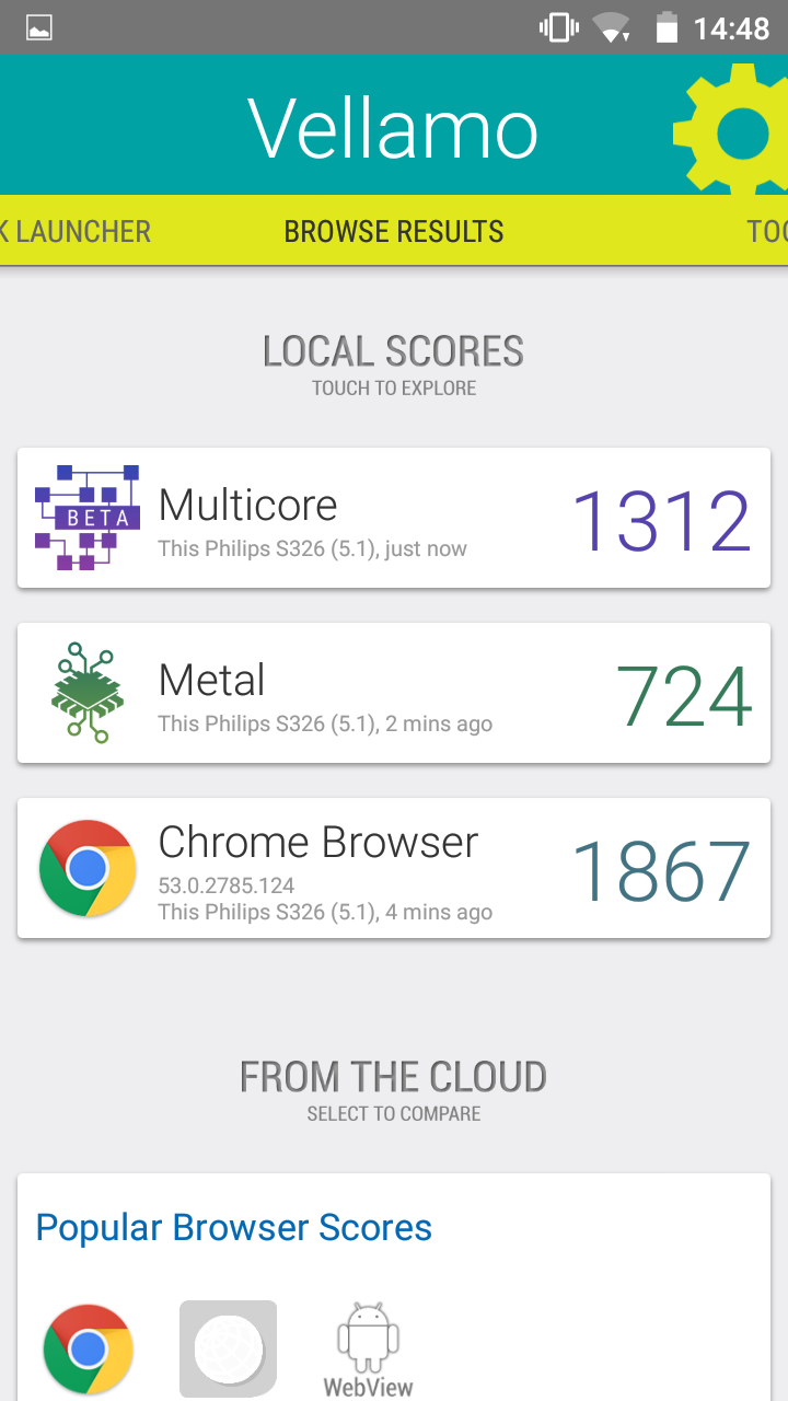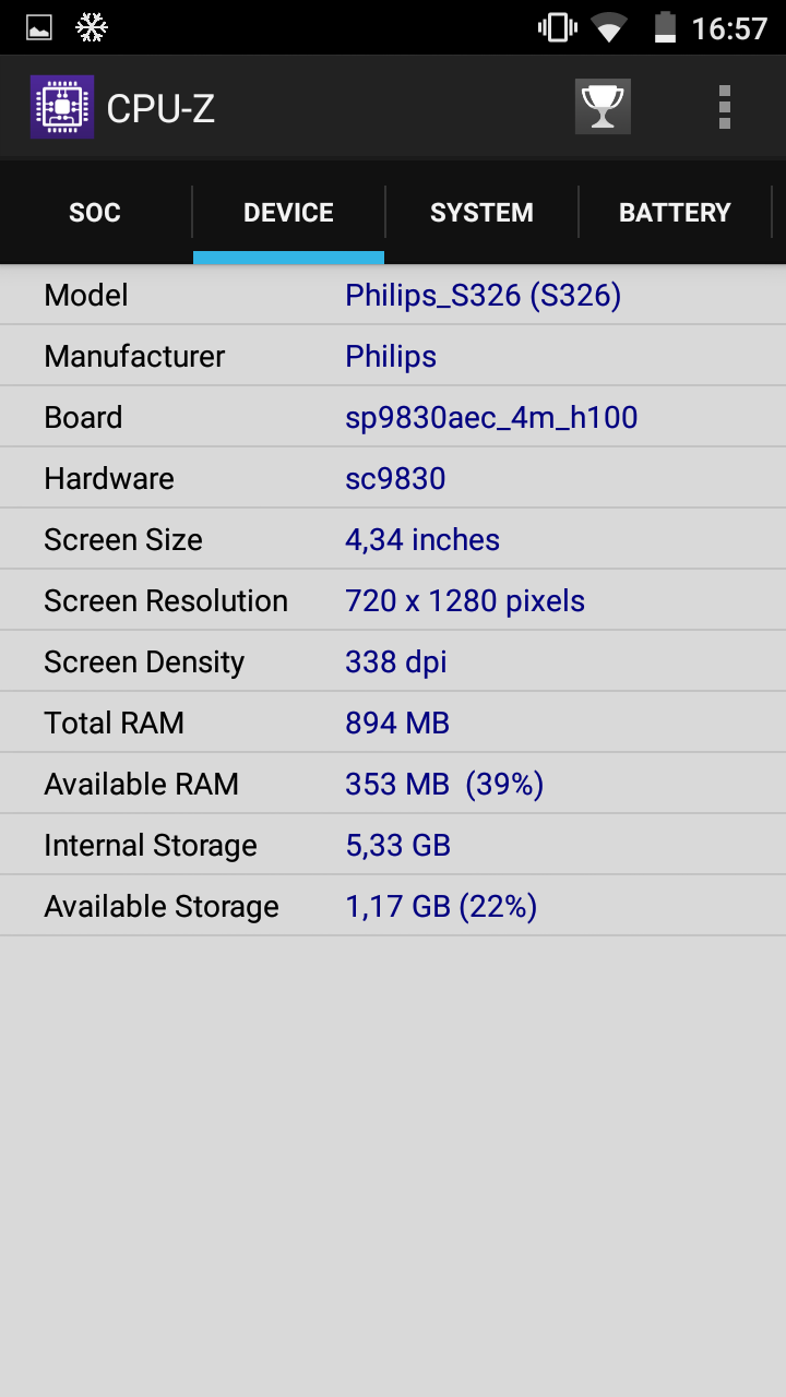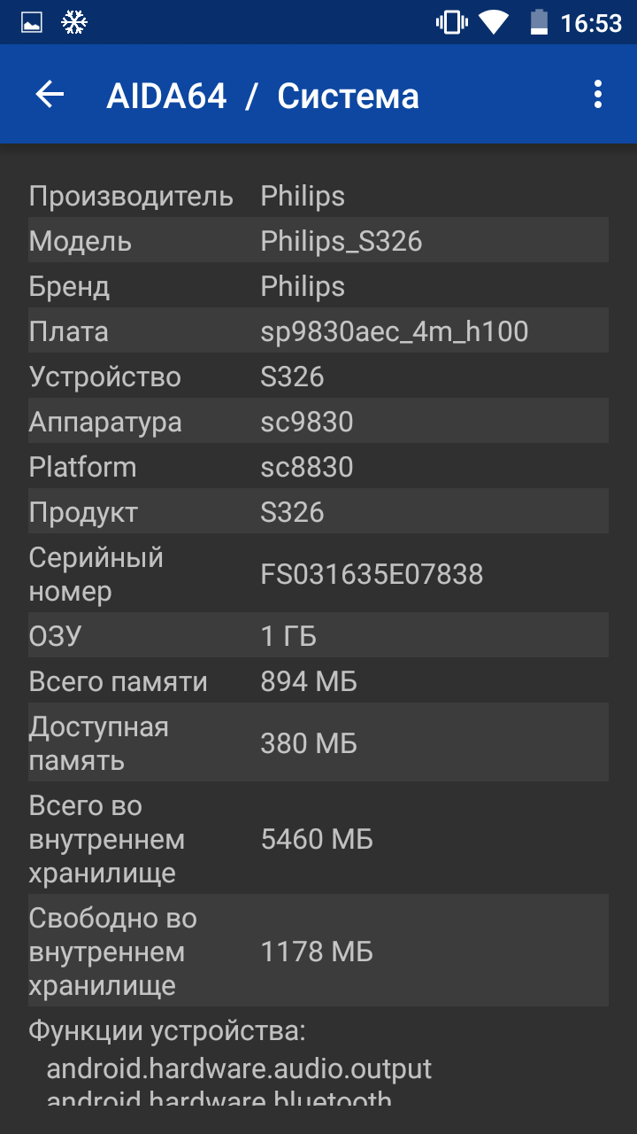 Модель, фигурирующая в линейке под номером SC9830, имеет 4 ядра Cortex-A7 частотой 1.5 ГГц и графическую подсистему Mali-400 MP. Ее вычислительные возможности не впечатляющие, но, в все же, достаточные для неспешного выполнения многих задач, которые пользователь может возложить на Philips S326. А вот объемы памяти, как оперативной — 1 ГБ, так и встроенной — 8 ГБ, из которых под пользовательские нужды доступно лишь 5 с половиной, явно недостаточны. Приложения, лучше перенести на microSD. Отдельный слот поддерживает карты памяти объемом до 32 ГБ.
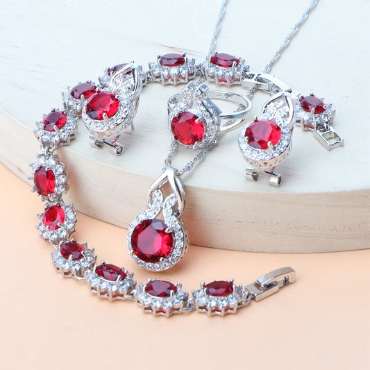 Ladies 925 Silver Jewelry Sets Red Zircon Earrings for Women Rings Wedding Jewelry Pendant Bridal Necklace Stones Bracelets Set (023)
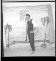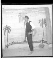 2982. EAP449/2/5/981 Reference (shelfmark): EAP449/2/5/981 Title: A man standing in front of a backdrop in the studio wearing a white shirt, black vest, black pants, and sandals (same man from Image 03801) Collection Area: Endangered Archives Programme Languages: Not applicable Date Range: 2nd half od the 20th century Extent: 1 TIFF image
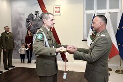 W Komendzie Warmińsko-Mazurskiego Oddziału Straży Granicznej odbyło się uroczyste pożegnanie odchodzącego na emeryturę po ponad 37 latach służby kierownika Sekcji Techniki Specjalnej WTiZ mjr. SG Jarosława Kruszyńskiego.
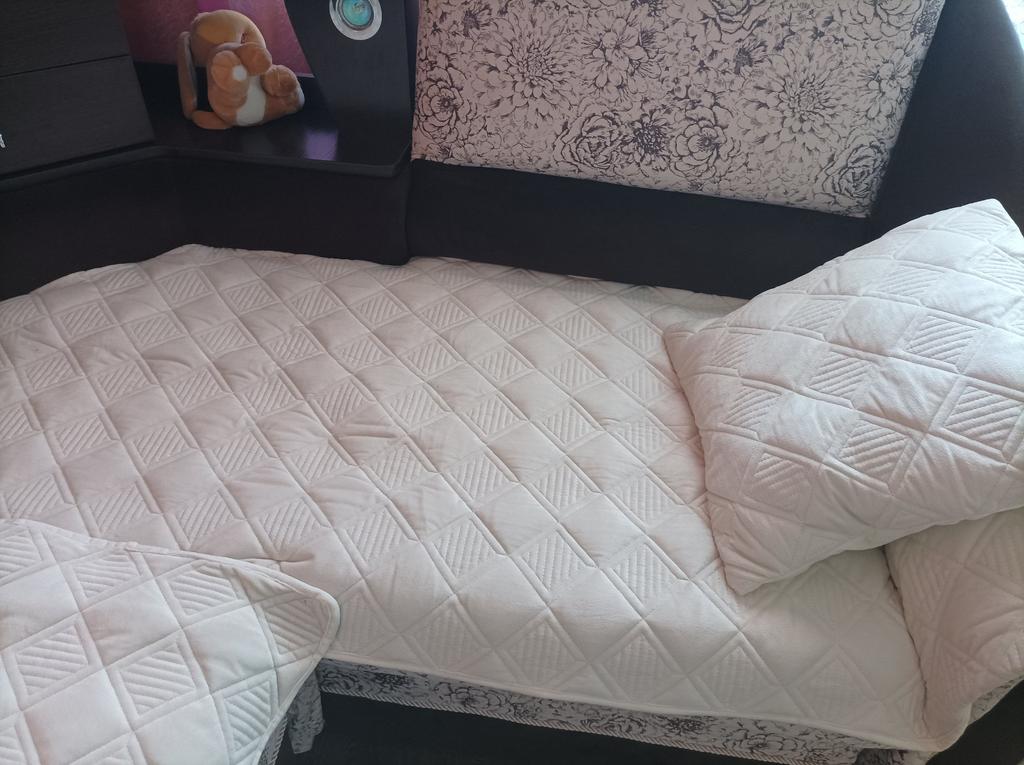 Since my husband always sleeps on the sofa during my night shifts, we urgently needed a cover. Because of sweat and wear and tear, the sofa no longer looks nice at this point. We used to put one of our thin blankets over it unprofessionally. However, these usually did not cover everything. So the sofa cover came on cue & I also like it 1 A. It is also available in many other colors! Shipping took 3 weeks.
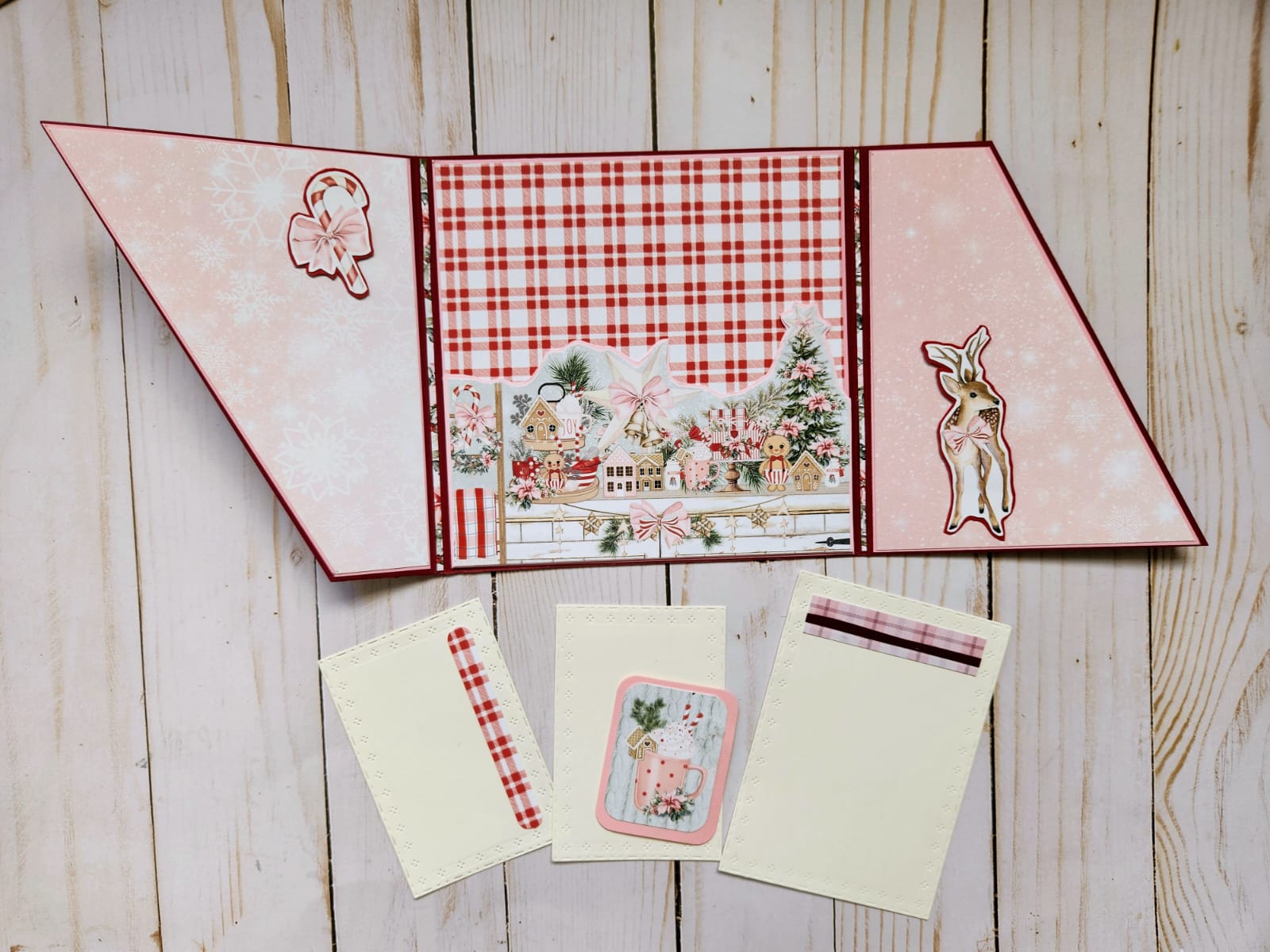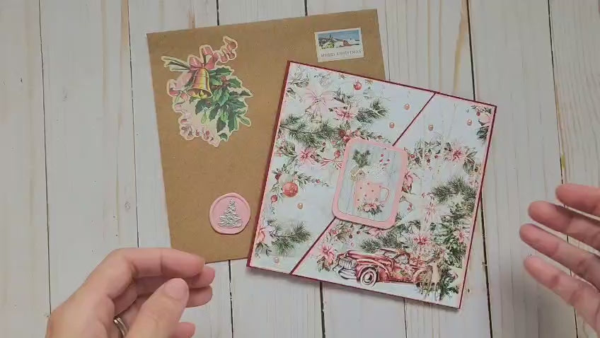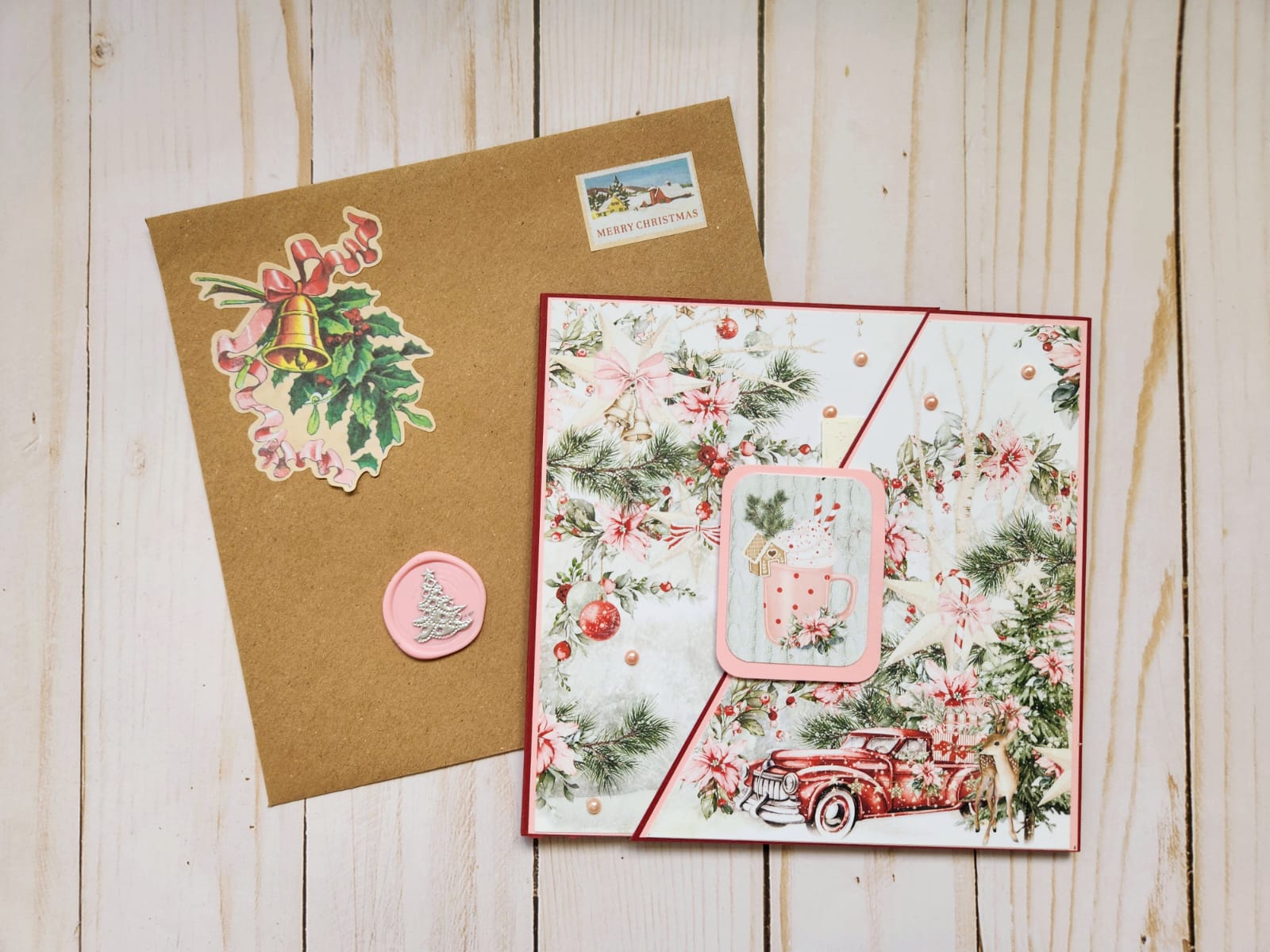 Tarjeta de temática navideña en tonos rojo, rosa verde y blanco. La portada con abertura en diagonal y cierre magnético, le da un toque diferente, Muy apropiada para mandar por correo o darla en mano, es un regalo perfecto para alegrar a un ser querido, o como regalo original a cualquier persona ya que son piezas únicas hechas a mano. La tarjeta viene con un sobre de color kraft, y un sello de cera autoadhesivo. La tarjeta mide aproximadamente 40cm abierta y 15.5cm sin desplegar.

------------------------------

Your assignment - Repeat the listing above exactly, omitting the pictures it contains.

Output -
 Модель, фигурирующая в линейке под номером SC9830, имеет 4 ядра Cortex-A7 частотой 1.5 ГГц и графическую подсистему Mali-400 MP. Ее вычислительные возможности не впечатляющие, но, в все же, достаточные для неспешного выполнения многих задач, которые пользователь может возложить на Philips S326. А вот объемы памяти, как оперативной — 1 ГБ, так и встроенной — 8 ГБ, из которых под пользовательские нужды доступно лишь 5 с половиной, явно недостаточны. Приложения, лучше перенести на microSD. Отдельный слот поддерживает карты памяти объемом до 32 ГБ.
 Ladies 925 Silver Jewelry Sets Red Zircon Earrings for Women Rings Wedding Jewelry Pendant Bridal Necklace Stones Bracelets Set (023)
 2982. EAP449/2/5/981 Reference (shelfmark): EAP449/2/5/981 Title: A man standing in front of a backdrop in the studio wearing a white shirt, black vest, black pants, and sandals (same man from Image 03801) Collection Area: Endangered Archives Programme Languages: Not applicable Date Range: 2nd half od the 20th century Extent: 1 TIFF image
 W Komendzie Warmińsko-Mazurskiego Oddziału Straży Granicznej odbyło się uroczyste pożegnanie odchodzącego na emeryturę po ponad 37 latach służby kierownika Sekcji Techniki Specjalnej WTiZ mjr. SG Jarosława Kruszyńskiego.
 Since my husband always sleeps on the sofa during my night shifts, we urgently needed a cover. Because of sweat and wear and tear, the sofa no longer looks nice at this point. We used to put one of our thin blankets over it unprofessionally. However, these usually did not cover everything. So the sofa cover came on cue & I also like it 1 A. It is also available in many other colors! Shipping took 3 weeks.
 Tarjeta de temática navideña en tonos rojo, rosa verde y blanco. La portada con abertura en diagonal y cierre magnético, le da un toque diferente, Muy apropiada para mandar por correo o darla en mano, es un regalo perfecto para alegrar a un ser querido, o como regalo original a cualquier persona ya que son piezas únicas hechas a mano. La tarjeta viene con un sobre de color kraft, y un sello de cera autoadhesivo. La tarjeta mide aproximadamente 40cm abierta y 15.5cm sin desplegar.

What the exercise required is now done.